Detroit Lions

Ben Johnson Is Already Writing Checks He Can’t Cash

Feb 25, 2025; Indianapolis, IN, USA; Chicago Bears coach Ben Johnson speaks during the NFL Scouting Combine at the Indiana Convention Center.

Credit: Kirby Lee-Imagn Images

By Chris Schad on March 3, 2025


Ben Johnson has become the Detroit Lions version of Benedict Arnold. One of the key members of Dan Campbell’s coaching staff the past two years, Johnson was hired by the Chicago Bears to smuggle the Lions’ special sauce to the Windy City.

To those around the NFL, Johnson is a wunderkind. He engineered one of the NFL’s best offenses in each of the past two seasons and maximized the talent around him — including Jared Goff. There’s a reason why the Bears gave him $13 million per season, despite no previous head coaching experience.

But even with his inflated bank account, Johnson is writing a bunch of checks he can’t cash. And it’s starting at the NFL Scouting Combine.

Johnson addressed the media, as all head coaches do in Indianapolis, and gave some seemingly harmless comments on what he was excited about when crafting the Bears’ offense. Any head coach in the league is going to be jacked to work with Caleb Williams, who came out of college as perhaps the most highly-regarded quarterback prospect since Andrew Luck in 2012. But what we didn’t expect is the immediate comparisons to his former quarterback.

“Out of structure, the off-schedule, the creation… that’s what stands out the most because that’s really the way that this league is going right now,” Johnson said. “It seems like as much as you want to make it pure progression, one to two to three, there’s just too much variety. The pass rush is coming down and to have an athlete like Caleb extend the play and potentially find an explosive down the field. That’s what gets me going a little bit. I get excited thinking about that because I haven’t been around that since I’ve been in the league.”

Part of this states the obvious: Goff is a system quarterback that dissects defenses. Williams is a quarterback that can extend plays and take risks downfield. While Lions fans have a hair trigger on being offended when it comes to Goff, Johnson is just stating the obvious.

But then he compared Goff to… Penei Sewell?

Yes, Johnson took things a step further when he made an appearance on Pro Football Talk. When Mike Florio and Chris Simms started yucking it up over Penei Sewell’s failed trick play passing attempt against the Bears, Johnson went on to claim that Sewell threw a better pass than Goff.

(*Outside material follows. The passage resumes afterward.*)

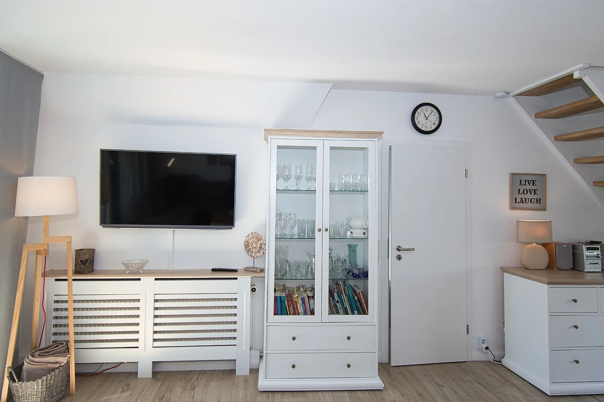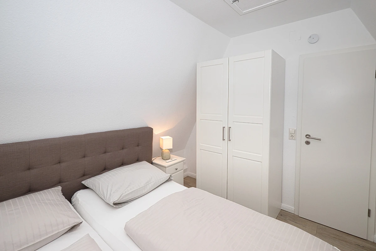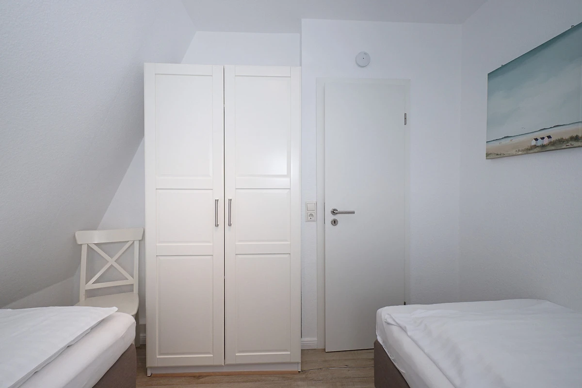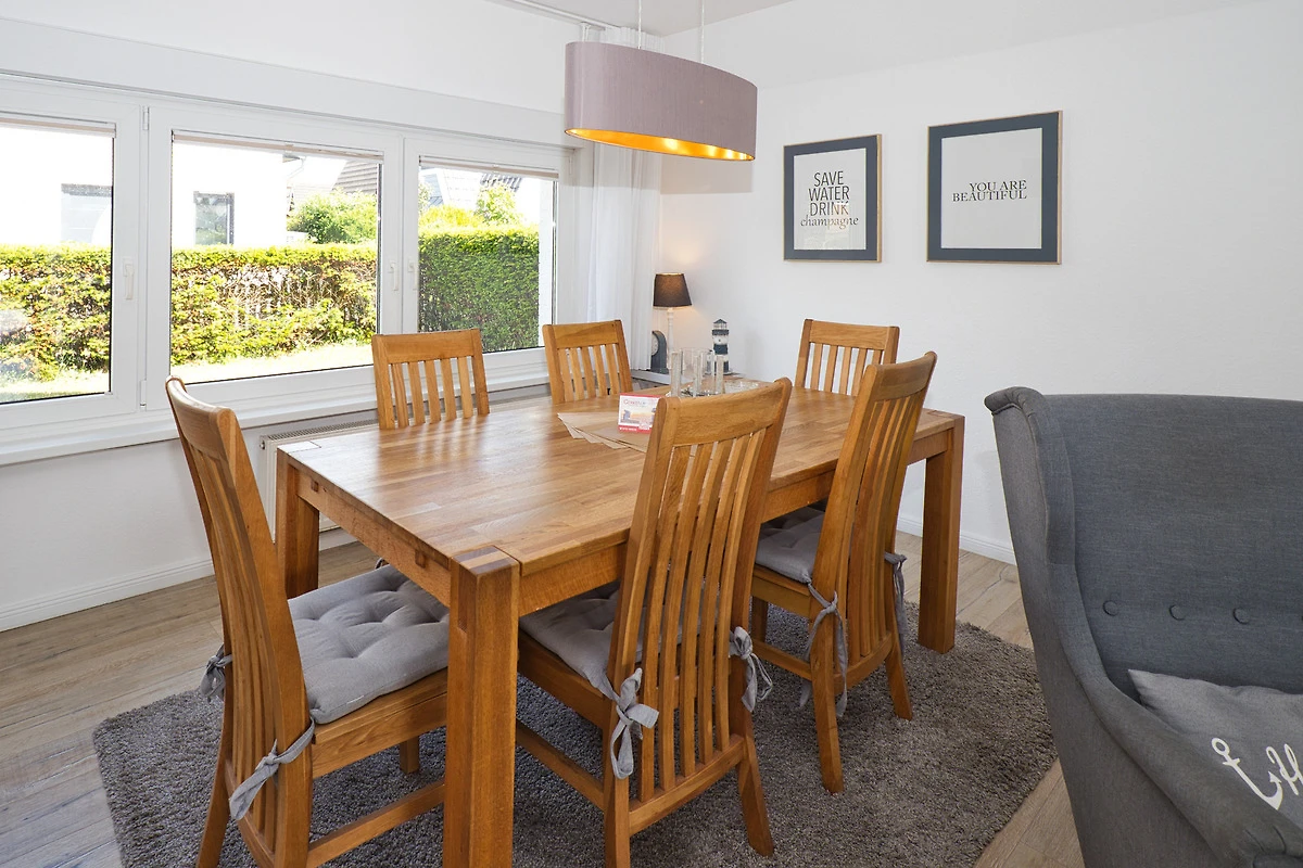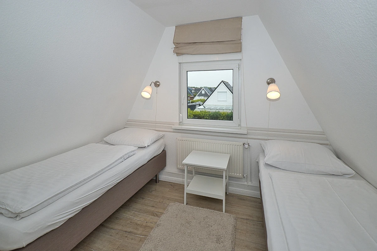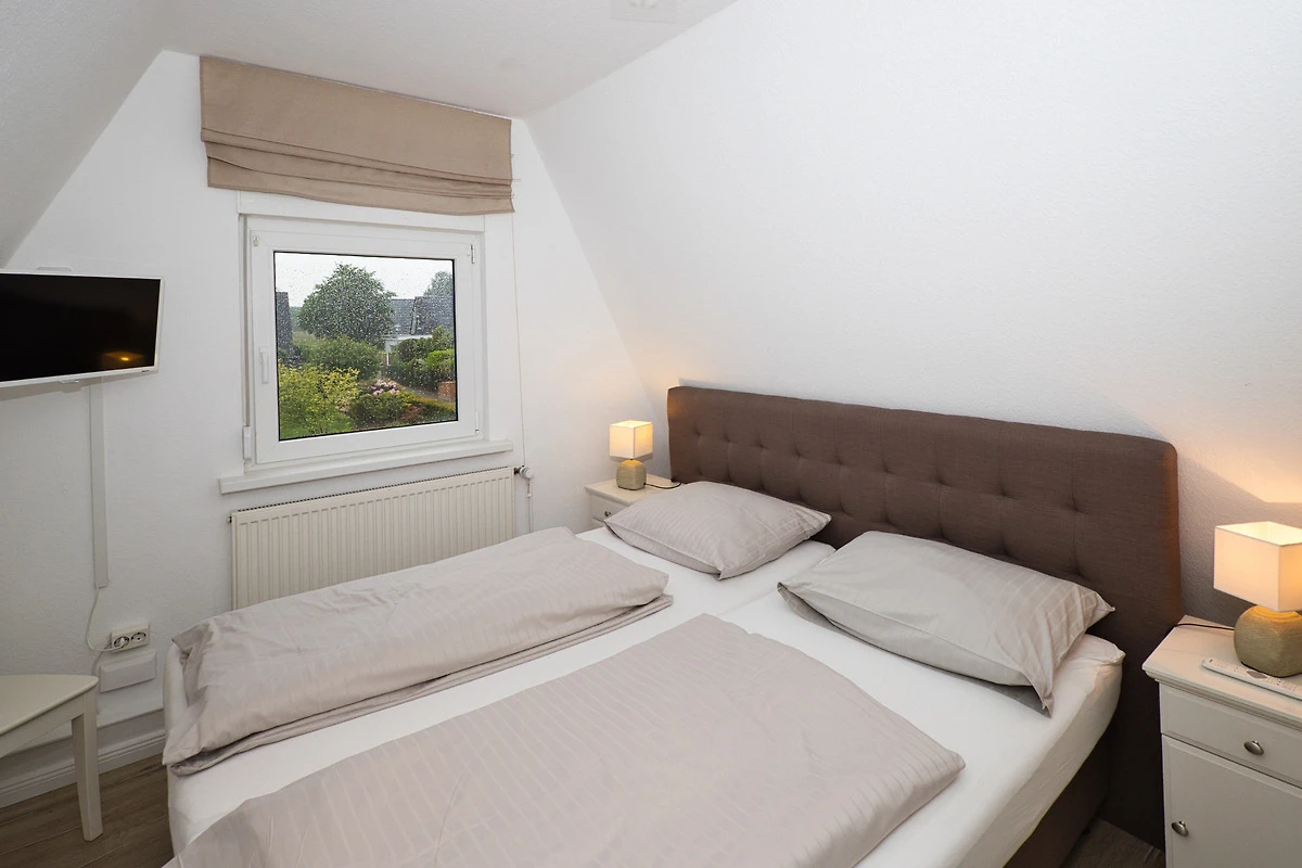 Ringwall 47, 4-Raum, ca. 74m², bis zu 6 Personen, Urlaub ganz individuell und Strandnah. Das moderne Ferienhaus direkt hinter dem Deich mit einer grosszügiger Aufteilung, viel Komfort und eigenem Garten in ruhiger Lage. Sie werden im Eingangsbereich (verglaster Windfang) über den Flur mit Zugang zum Duschbad (Dusche/WC), zur separaten und interessant aufgeteilten Küche (mit Waschmaschine), im hellen und sehr gemütlichen Wohn- und Essbereich empfangen. Von hier geht es auch in den sehr schönen sonnigen Garten und über ein Holztreppe ins 1.OG (mit Treppenschutzgitter am oberen Ende). Hier erwarten Sie 3 gut ausgestattete Schlafzimmer (eins mit einem zusätzlichen TV) mit passgenauen Einbaumöbeln und Schlafgelegenheiten für bis zu 6 Personen. In einem Schlafbereich befindet sich sogar eine Waschmöglichkeit. 1 weiteres Gäste-WC befindet sich ebenfalls auf der Etage. Familien sind Herzlich willkommen.

“The best part of that was he threw a dime every single time in practice,” Johnson said. “We probably took that for three weeks and every time it was a dime. It was better than some other people, Jared Goff? He was pretty darn good at throwing on the move.”

It’s one thing to give an honest assessment of Goff’s strengths and weaknesses. But did he have to go that far to compare him to an offensive lineman?

Johnson went even further than stating the things Williams can do compared as compared to Goff. He also went ahead and described what it was like to play against a quarterback like Williams — even though he was an offensive coordinator.

“I’ve been on the other side, and I’ve experienced it,” Johnson said of Williams, who led the Bears to 20 and 17 points against Detroit last season. “It’s demoralizing when you’re on the other side and you’re watching that happen to your defense.”

Johnson may be haunted by Josh Allen and Jayden Daniels scoring points at will and his offense having to catch up. But the comments come off as tone-deaf to a team that overcame 13 players on injured reserve to post a 15-2 record and earn the No. 1 seed in the NFC. 

It’s why Kerby Joseph and Amik Robertson threw shade back at Johnson on social media after his comments. And posts like these haven’t been an isolated incident. Remember what Amon-Ra St. Brown told Johnson moments after he got the Bears job.

“I told him, I said, ‘For two times a year, Ben, we’re going to f*** you up,” St. Brown said on his podcast in January. “He goes, ‘I’ma f*** you up.’”

St. Brown also called Johnson one of the favorite coaches he’s ever had, but that was before he took a verbal sledgehammer to his quarterback at the combine.

David Montgomery also had a cryptic post toward Johnson after he left for Chicago, which was a completely different tone than when Aaron Glenn took the same position with the New York Jets.

Maybe this is all nothing and these teams just need to move on, but it seems as if Johnson may have bit off more than he can chew. The Bears do have Williams, but they have a ton of holes on their roster that won’t be plugged by top free-agent target Trey Smith after the Kansas City Chiefs franchised him on Thursday.

The Bears also have the same core of players that floundered under Matt Eberflus and now have to play a team that not only poked the Lion (pun intended), but also tried to ether Green Bay Packers head coach Matt LaFleur during his introductory press conference.

It’s like the cool kid in school who says a bunch of stuff to get on everyone’s good side and then gets stuffed in a locker. For a guy who was on the staff, he should know that this team runs on emotion, and his comments will only fuel the Lions when he faces Detroit twice a year. Maybe it’s a good thing he’s cashing in on all that goodwill now, because he’s at risk of busting out, at least against his former team.